In the above plots, we can see that while some datasets do not have any missing values, other datasets have significant sample values missing. These need to be addressed before training any models.

---

<b> 2.3 Examine feature correlations and distributions </b>

After inspecting any missing data, we can now continue the exploratory data analysis to see if any response features have significant differences for cases when loans are repaid as opposed to when loans are defaulted.








First create a function to create bar plots for each feature. 
Each figure contains the following- 

A) The total number of categories for each response feature

B) The fraction of each category with loan defaulted

In [None]:
def plot_bar_gen(feature, df = None, orientation_horizontal = True):
    
    if df is None:
        df = application_train
    else:
        df = df
    
    temp = df[feature].value_counts()
    df1 = pd.DataFrame({feature: temp.index,'Number of contracts': temp.values})

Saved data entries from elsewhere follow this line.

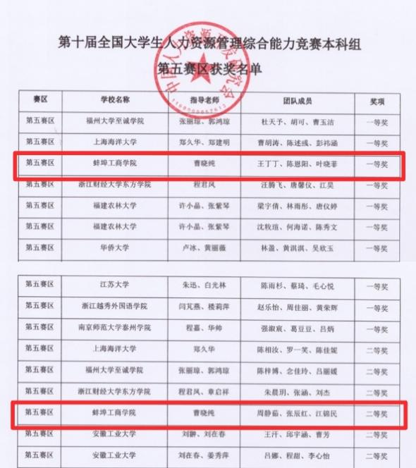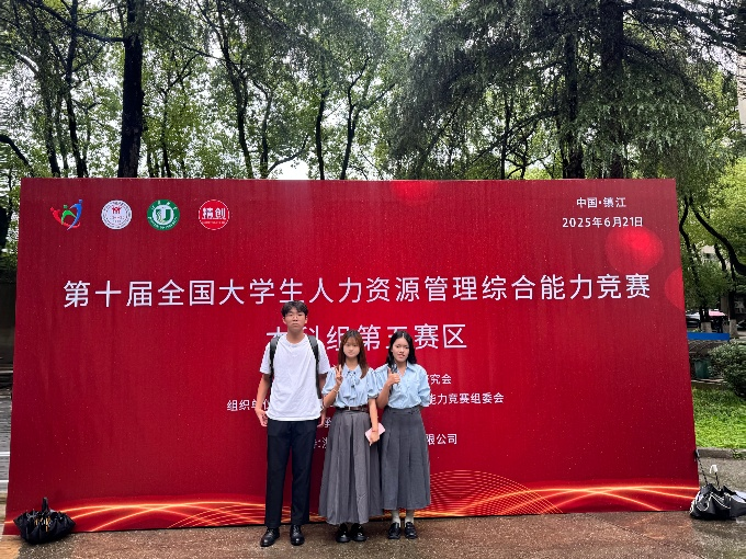 6月21日,由中国人力资源开发研究会主办、江苏大学承办、浙江精创教育科技有限公司提供技术支持的第十届全国大学生人力资源管理综合能力竞赛本科组第五赛区在江苏大学落下帷幕。由曹晓纯老师指导,管理学院王丁丁、陈恩阳、叶晓菲三位同学组成的“WINWINWIN队”和周静茹、张辰红、江锦民三位同学组成的“身藏不blue队”,凭借扎实的专业知识、出色的团队协作以及卓越的应变能力,从83支参赛队伍中脱颖而出,分别荣获大赛一等奖和二等奖的优异成绩。
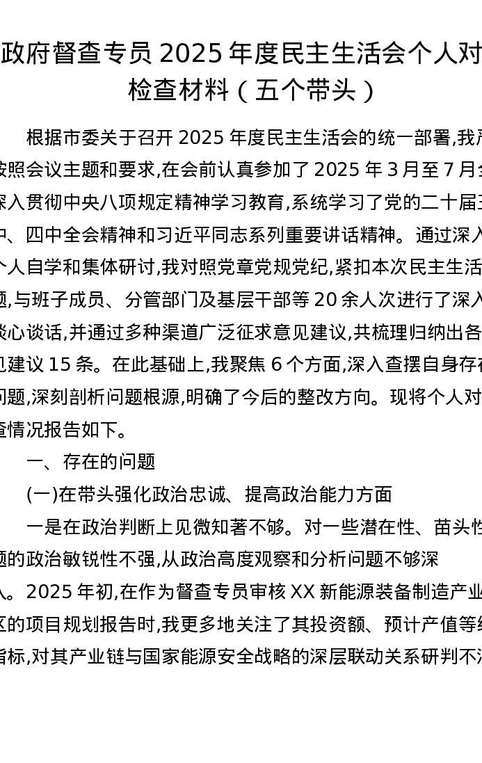政府督查专员2025年度xxxxx个人对照检查材料(五个带头)
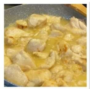 Quando il succo degli agrumi è sfumato aggiungiamo il latte e facciamo restringere fino a creare una salsa cremosa che renderà morbidi,saporiti e squisiti i bocconcini di pollo.
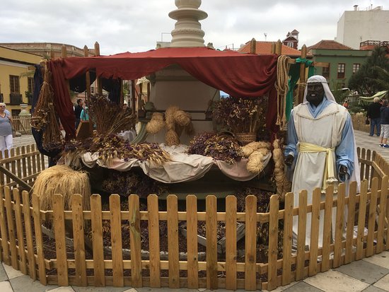 In La Orotava sieht man bereits seit Ende November wieder die große Weihnachtskrippe auf dem Rathausplatz. Die Krippe ist aber noch nicht vollständig, denn das "Christkind" wird selbstverständlich erst am 24.Dezember dazugelegt.
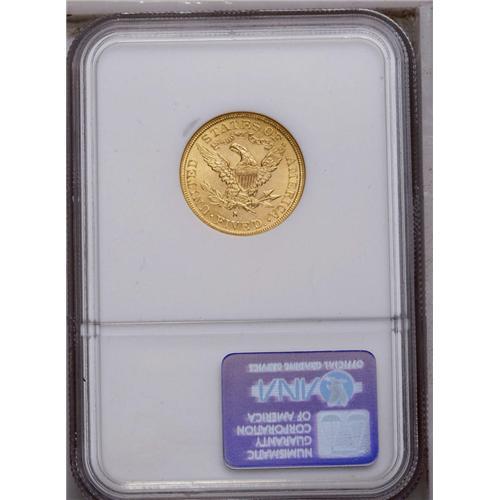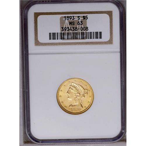 <B>1893-S<$5> MS63 NGC.</B></I> A well struck example that shows some surface roughness on the portrait, apparently due to die rust, and a few scattered, light abrasions. Despite these minor drawbacks, this example appears quite high-end for the assigned grade. NGC has graded 31 examples finer (3/06). <BR><BR><B>Important notice:</B> Heritage usually auctions material at the rate of 200-250 lots per hour. On some occasions eBay Live bid software or the Internet may not be able to keep up with the pace of the auction. We recommend placing a realistic absentee bid now as insurance to avoid disappointment. Occasionally the auctioneer may eliminate or reject an eBay Live bid, and the auctioneer may also reopen a lot after the close of the eBay live bidding (usually because we missed an audience bid), and may reject your bid even if it shows you as the winning bidder. By bidding via eBay Live, you agree that Heritage may award the lot to another bidder at its sole discretion under the circumstances described above or any other reasonable circumstances. Since eBay bids are not shown to us until we open the lot on the floor, we treat those bids just like floor bids. In most cases the floor responds before the eBay bid is presented to us, due to Internet lag time, so for consistency we have made it a policy that floor bids are always considered first over tie eBay live bids. Also please note that all Heritage lots purchased through eBay Live carry a 20% Buyer's Premium. Please make sure you read the Terms and Conditions before you bid. This lot is being auctioned in conjunction with a live floor auction by Heritage Galleries & Auctioneers. All final auction and invoice information will be supplied by Heritage Galleries & Auctioneers, and all other information should be considered preliminary. Lot:2834 <BR><BR><B>Winning Notification and Billing:</B> After the FINAL session in this auction is complete, Heritage will send e-mail and snail mail invoices. This process normally takes several days. All final auction and invoice information will be supplied by Heritage Galleries & Auctioneers, and all other information should be considered preliminary. <BR><BR>This auction will be conducted on a live auction floor and over the Internet through eBay Live. If you choose to place an absentee bid, please take a moment to <font color='#0000ff'><u><a href='http://pages.ebay.com/liveauctions/help/before/laabsentee.html'>learn how eBay Live absentee bidding works</a></u></font><font color='#000000'>
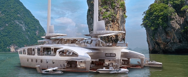 今天,我们就来谈谈这艘由加州设计师史蒂夫·科兹洛夫设计的豪华超级游艇。这艘特别漂亮的三体船在一种名为“主显节”。值得注意的是,这艘178英尺长的三体船属于最著名的超级游艇之一,是科兹洛夫的歌利亚系列的一部分。关于这艘超级游艇最有趣的事情之一是,它有两个倾斜的桅杆,现在可以让它直接到达更多的地方,包括巴拿马运河,旧金山,圣地亚哥等。这一切都是由于这些桅杆的可伸缩特性。

    # Calculate the percentage of target=1 per category value
    cat_perc = df[[feature, 'TARGET']].groupby([feature],as_index=False).mean()
    cat_perc.sort_values(by='TARGET', ascending=False, inplace=True)
    
    sns.set_color_codes("colorblind")
    
    if orientation_horizontal == True:
        plt.figure(figsize=(15,5))
        plt.subplot(121)
        s1 = sns.barplot(y = feature, x="Number of contracts",data=df1)
        plt.subplot(122)
        s2 = sns.barplot(y = feature, x='TARGET', data=cat_perc)
        plt.xlabel('Fraction of loans defaulted', fontsize=12)
        plt.ylabel(feature, fontsize=12)
        
    else:
        plt.figure(figsize=(10,18))
        plt.subplot(211)
        s1 = sns.barplot(x = feature, y="Number of contracts",data=df1)
        s1.set_xticklabels(s1.get_xticklabels(),rotation=90)
        plt.subplot(212)
        s2 = sns.barplot(x = feature, y='TARGET', data=cat_perc)
        s2.set_xticklabels(s2.get_xticklabels(),rotation=90)
        plt.ylabel('Fraction of loans defaulted', fontsize=12)
        plt.xlabel(feature, fontsize=12)
    
    plt.tick_params(axis='both', which='major', labelsize=12)
    plt.subplots_adjust(wspace = 0.6)
    plt.show();

For the feature, type of contract, we see that there are more cash loans taken than revolving loans and they are also more defaulted.

In [None]:
plot_bar_gen('NAME_CONTRACT_TYPE')

For the feature, gender, we see that there are more loans taken by males and they are also more defaulted by them.

In [None]:
plot_bar_gen('CODE_GENDER')

For the feature, owning car, we see that there are more loans taken by those without car and they are also more defaulted by them.

In [None]:
plot_bar_gen('FLAG_OWN_CAR')

For the feature, owning realty, we see that there are more loans taken by those with realty and they are defaulted slightly more by those without realty.

In [None]:
plot_bar_gen('FLAG_OWN_REALTY')

For the feature, family status, we see that there are more loans taken by those who are married and they are more defaulted by those who are in a civil marriage/single

In [None]:
plot_bar_gen('NAME_FAMILY_STATUS')

For the feature, income type, we see that there are more loans taken by those who are working and they are more defaulted by those who are on maternity leave or unemployed

In [None]:
plot_bar_gen('NAME_INCOME_TYPE')

For the feature, children count, we see that there are more loans taken by those who have fewer children and they are more defaulted by those who have more children

In [None]:
plot_bar_gen('CNT_CHILDREN',None,False)

For the feature, family member count, we see that there are more loans taken by those who have fewer family member and they are more defaulted by those who have more members

In [None]:
plot_bar_gen('CNT_FAM_MEMBERS',None,False)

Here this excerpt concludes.